WebML WG Teleconference – 19 October 2023

Meeting minutes

Repository: webmachinelearning/webnn

anssik: we again had a number of new folks joining the WG since our last meeting, let me introduce them
… please welcome Reilly Grant from Google Chrome; Reilly co-chairs W3C Devices and Sensors WG with me and works on device-related features in Chromium, he is very knowledgeable in spec authoring having edited many specs
… leading a new team with Phillis that is looking at Web APIs such as WebNN

Reilly: I've worked on Shape Detection API a while ago, also APIs for high-level ops such as Media Capture extensions
… also looking at ML from computation perspective as a new workload, how it works with Wasm, WebGPU, we see devices coming to the market with more purpose-built accelerators

anssik: similarly, please welcome Christian Weyer, CTO of Thinktecture AG, a SW service and consultancy company working in web tech space; I've worked with some of his team in W3C context, e.g. Christian Liebel who I met at TPAC recently to discuss this WG's recent progress
… also please welcome to Austin Sullivan from Google who has worked on File System related web features

Austin: worked on File System features, moving into the new space with Reilly

Phillis: Phillis Tang, working with Reilly on this new team

anssik: I want to note BlinkOn conference is currently on
… on Day 1 Oct 17 a breakout session "WebNN implementation on DirectML" was on the BlinkOn agenda, those who attended feel free to share your key takeaways

Chai: BlinkOn is also today, Rafael is there at this very moment
… we had one breakout session on WebNN, it was well-attended
… chatted with Deepti there at BlinkOn
… went well and the recording is posted on YT on BlinkOn channel, as a summary, this is replay of the talk we gave at Intel Innovation conference a month ago

<Deepti> Enjoyed the talk, thanks for giving it Chai!
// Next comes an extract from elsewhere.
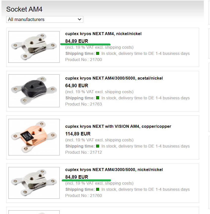 Ничего бесплатно не докладывают. Ты волен при покупке ватера выбрать исходный вариант по душе) Нужен другой крепеж, вэлкам в кассу. Кто имеет ватер с крепежом без смещения, может заказать отдельно Retrofit kit socket AM4/3000/5000 for cuplex kryos NEXT за 12,52 евро без НДС и стоимости доставки.

Chai: a bit more discussion, after the talks and break we talked with a number of Google people, I'm happy to share the status of the work we're doing here with a number of people
… new faces here, very encouraging!
… this is an active area with interest from many companies in this space,
… the keynote was on the challenges of running AI in the browser by Jim Bankoski, I had a good chat with him

Ningxin: Chai did a great job represent WebNN at BlinkOn

WebNN v2: Review transformer ops spec contributions

anssik: issue #375

<gb> Issue 375 Support for transformers (by dontcallmedom) [v2] [operation set]
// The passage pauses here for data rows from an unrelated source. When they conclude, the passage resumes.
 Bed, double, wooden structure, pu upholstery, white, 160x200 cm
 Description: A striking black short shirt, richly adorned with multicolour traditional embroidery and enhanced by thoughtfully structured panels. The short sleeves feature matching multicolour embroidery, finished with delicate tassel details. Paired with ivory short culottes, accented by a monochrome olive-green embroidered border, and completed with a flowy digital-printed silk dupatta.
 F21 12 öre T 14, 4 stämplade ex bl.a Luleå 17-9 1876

anssik: the WG has actively worked on transformer op definitions as its priority effort during Q3 and now Q4
… we have followed the guidelines for adding new operations:

https://github.com/webmachinelearning/webnn/blob/main/CONTRIBUTING.md#proposing-and-adding-a-new-operation

anssik: we have identified the use cases and sample models (thanks Dwayne, JoshuaL!):
… - Text-to-image: https://huggingface.co/runwayml/stable-diffusion-v1-5
… - Image segmentation: facebookresearch/segment-anything
… - Speech-to-text: https://huggingface.co/openai/whisper-tiny
… - Text-to-text generation (encoder-decoder): https://huggingface.co/t5-small and https://huggingface.co/facebook/m2m100_418M
… - Text-generation (decoder-only): https://huggingface.co/meta-llama/Llama-2-7b
… we have done the initial op decomposition aka Transformer Models Analysis (thanks Wanming!):

Transformer Models Analysis

anssik: based on Google's feedback this spreadsheet now includes also TOSA and StableHLO mapping contributed by Dwayne, feedback welcome on this mapping in particular from Google's TOSA and StableHLO experts

Dwayne: there's roughly 1:1 mapping for all except one, triangularMatrix
… the next step for the WG is to investigate:
… - Cross-framework support. Is an identical or similar operation supported by multiple popular frameworks? What are they?
… - Cross-platform implementability. Is the operation implementable in more than one platform? What are they?
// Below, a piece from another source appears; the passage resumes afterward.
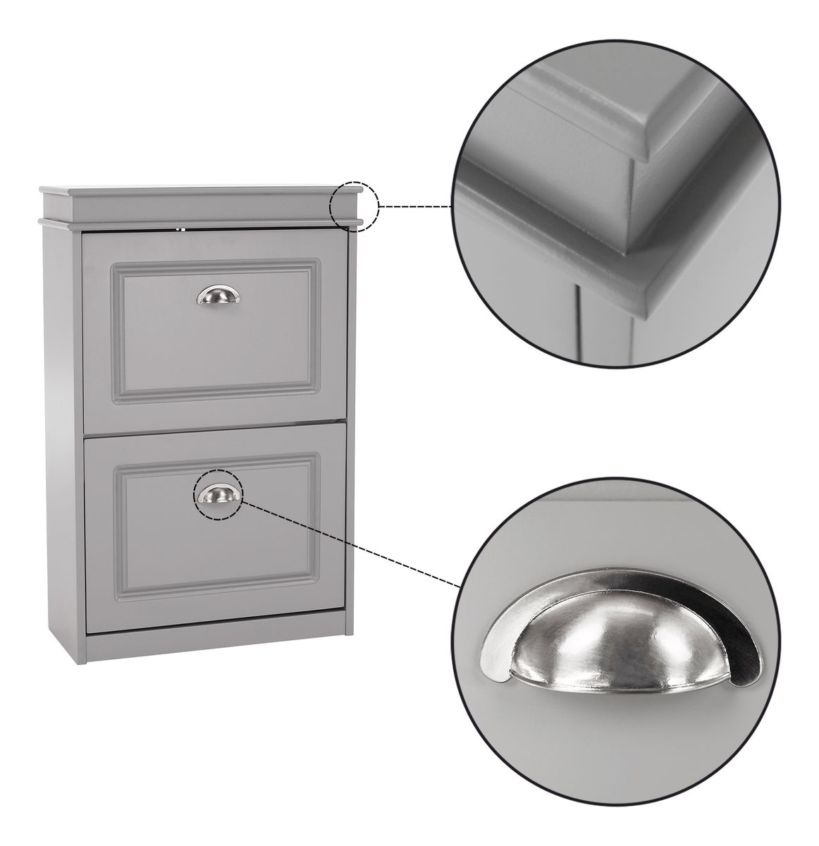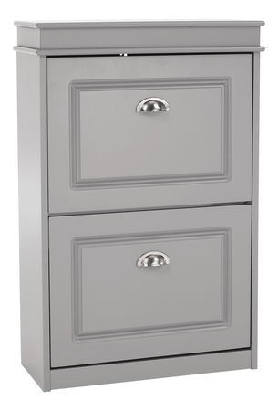 Rustikální botník Epery TYP 1 (šedá) o výšce 82,5 cm, šířce 53,5 cm a hloubce 24 cm má výrazný design s designovými úchyty. Poskytuje dostatek úložného prostoru s dvojicí výklopných zásuvek, které jsou vhodné pro 8 párů bot. Botník obsahuje 2 řady, má nosnost 45 kg a je vyroben z MDF/Dřevotříska. Produkt se dodává v demontu.

Chai: I think in the BlinkOn session there were a few good questions re op coverage, I explained the methodology how we look at these overlaps across frameworks and design principles re small and big ops we're talked about in this WG for a while
… ongoing balance, tradeoff, trying to find things that are useful to everyone, discussion is alive and well in the minds of people, transformers have good overlap across frameworks

dom: how are the conversations around transformers and LLMs, should we look at storage and caching of large models?

anssik: we had a dedicated session to discuss storage APIs and caching on our call a month ago

<asully> https://www.w3.org/2023/09/21-webmachinelearning-minutes.html

Reilly: I think that for storage there's potential integrations with some of the storage APIs
… can load constants from buffer views, could also do that from storage objects such as blobs directly
… on the general subject of integrations with other APIs, I saw MLCommandEncoder and it sounds nice for WebGPU integration
… Wasm is getting better support for loading additional ArrayBuffers to share immediate values with the WebNN API possibly

anssik: we are also starting to work on spec definitions for these ops in parallel
… we've also committed to follow the security guidelines for new operations to ensure proper considerations are given to the design

Security guidelines for new operations

anssik: I want to make sure the WG addresses any security issues reported or identified as a top priority
… on today's agenda there's a separate topic to discuss the recently published WebGPU security technical report to distill any learnings to apply to WebNN

anssik: so that's the current status of transformer ops effort
… now I want us to discuss and review any spec PRs or contributions for the proposed transformer ops informed by the op breakdown exercise
… I know Chai is working on a spec PR for op definitions, I think it needs a bit more work before we can review it, Chai?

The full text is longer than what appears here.